Évidemment le monde n'est pas encore parfait. Ces nouveaux dominants narcissiques, lorsque la société les laisse faire, sont capables de manipuler les lois, le droit, les médias, pour se transformer eux aussi en criminel. Mais s'ils y parviennent, c'est uniquement à cause de la faiblesse des contre-pouvoirs.
La manipulation narcissique est un révélateur
Un système ne devient pas autocratique, manipulateur, corrupteur et tout-puissant par hasard. Son irruption se produit en général quand il n'y a pas d'opposition en face. Cela obéit à une logique.
De plus, son émergence révèle toutes les faiblesses de la société. Elle sanctionne tous les manques de vigilance et de solidarité.
Par exemple, à la chute du communisme, le marché est tombé dans la toute-puissance. Ce n'est pas un hasard. Il a tout simplement profité de l'effondrement critique et physique d'une gauche stupéfaite (même si elle était au pouvoir). Les plus manipulateurs du marché n'ont alors eu qu'à appuyer sur le ressort de la culpabilisation et de l'humiliation pour écraser tout ce qu'il restait de ce potentiel critique.

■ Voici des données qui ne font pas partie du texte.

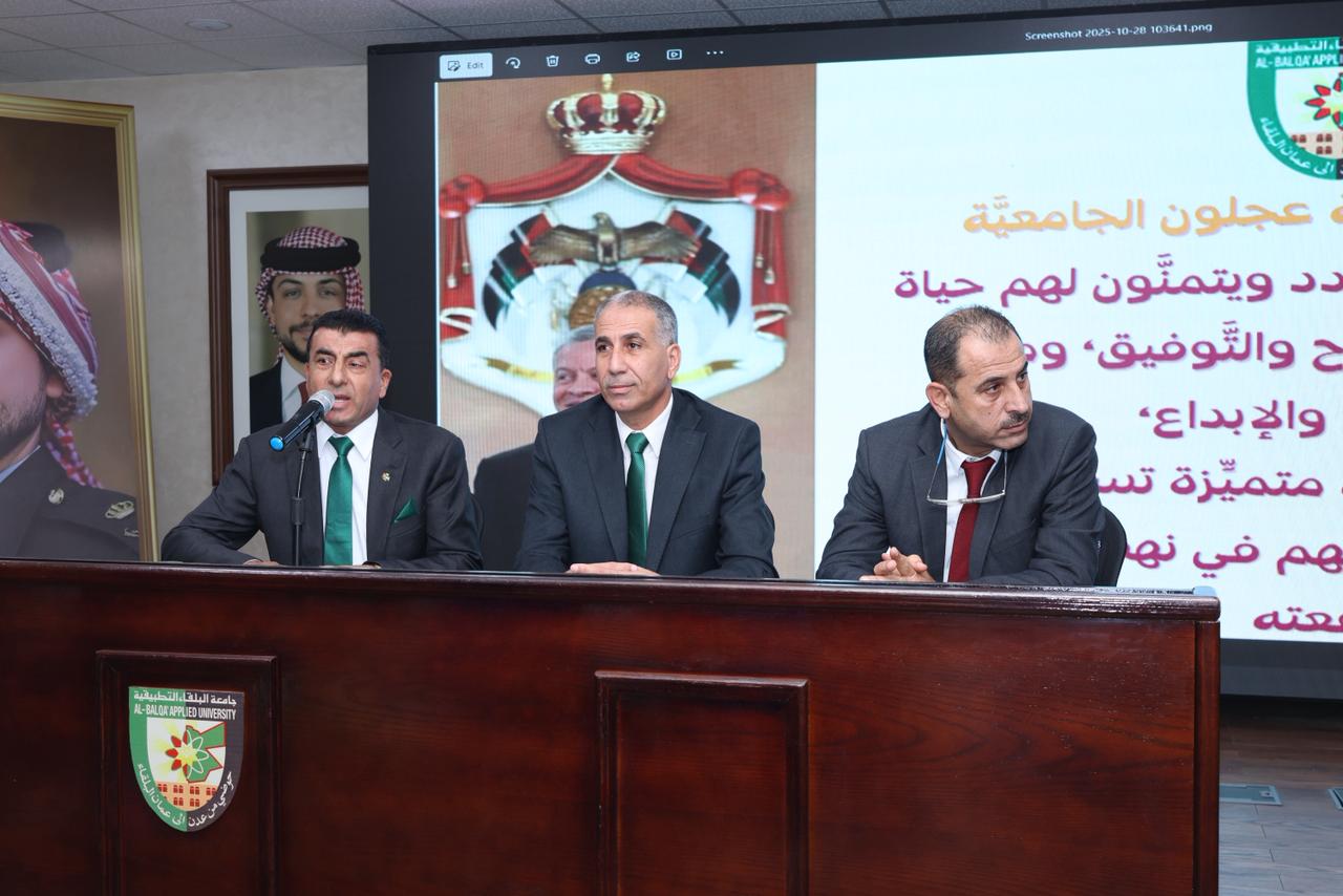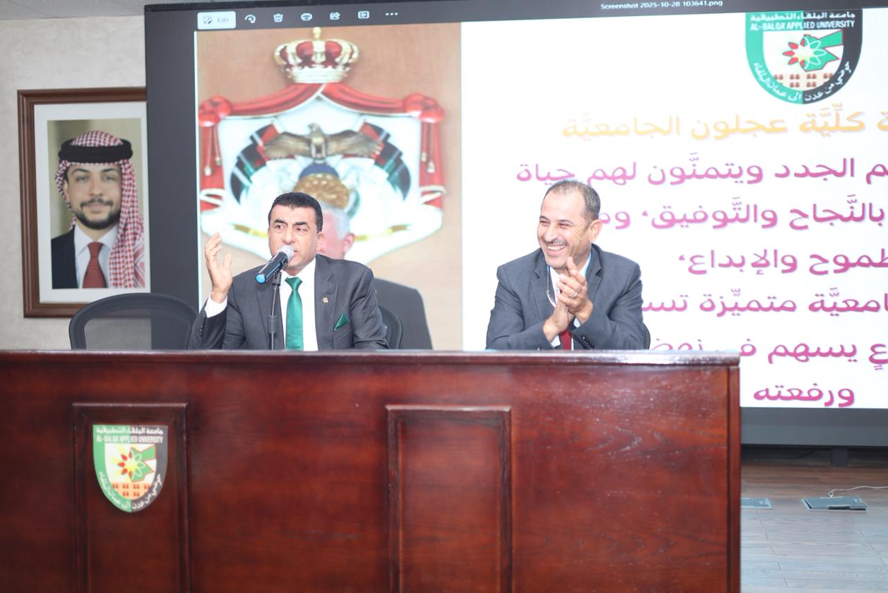 انطلاقًا من رؤية ورسالة جامعة البلقاء التطبيقية الهادفة إلى إعداد جيل واعٍ ومؤهل يسهم في مسيرة التنمية الوطنية، وبتوجيهات من عطوفة الأستاذ الدكتور أحمد فخري العجلوني رئيس الجامعة، رعى عميد كلية عجلون الجامعية الأستاذ الدكتور وائل الربضي حفل استقبال الطلبة المستجدين للعام الجامعي 2025/2026، والذي نظمه قسم الخدمات الطلابية والأنشطة في قاعة الشهيد محمد العزام.

En prenant le pouvoir, le marché a également éclairé la vulnérabilité des organismes chargés de protéger le peuple (médias, syndicats, intellectuels, partis de gauche, etc.).
Il a mis à jour l'avidité, la corruptibilité, la lâcheté, la crédulité, bref, toutes les faiblesses humaines des corporations dont on s'attendait à plus de rigueur mentale.
Le marché en ce sens, nous a révélé toute la force du narcissisme sur la faiblesse de l'esprit humain.
Pour combattre ce fonctionnement
Même si l'autocratie veloutée du marché à un sens, cela n'empêche pas qu'il faut l'a combattre. Même s'il est, bien sûr préférable d'être manipulé par un système narcissique plutôt qu’écrasé par un système dictatorial, l'humanité a la charge de lutter contre toute oppression.
Une bonne raison à cela. Quand il ne rencontre pas d'opposition, un système narcissique avance jusqu'à l'anéantissement des valeurs démocratiques et de sa victime. Sa limite, il ne la trouve pas en lui-même mais en autrui.
Autrement dit, si ce « marché narcissique » ne rencontrait aucune résistance, il envahirait tout simplement l'ensemble des pans de la société. Du lieu de culte à l'école, de l'hôpital au tribunal, nous serions alors submergés par son offensivité. Si ce « marché narcissique » (donc sans empathie) ne rencontrait aucune résistance, il ferait travailler ses ouvriers au pas de course en les maintenant en permanence à la limite du seuil de pauvreté.
Il est donc essentiel aujourd'hui de combattre cette nouvelle forme de domination.
La façon dont elle aliène l'être humain étant extrêmement subtile, il est nécessaire de comprendre ses techniques et ses procédés.
Stresser, solliciter les pulsions, les désirs, culpabiliser, décrédibiliser, flatter, humilier, appâter, rendre dépendants sont peut-être quelques pistes sur lesquelles nous devons nous pencher.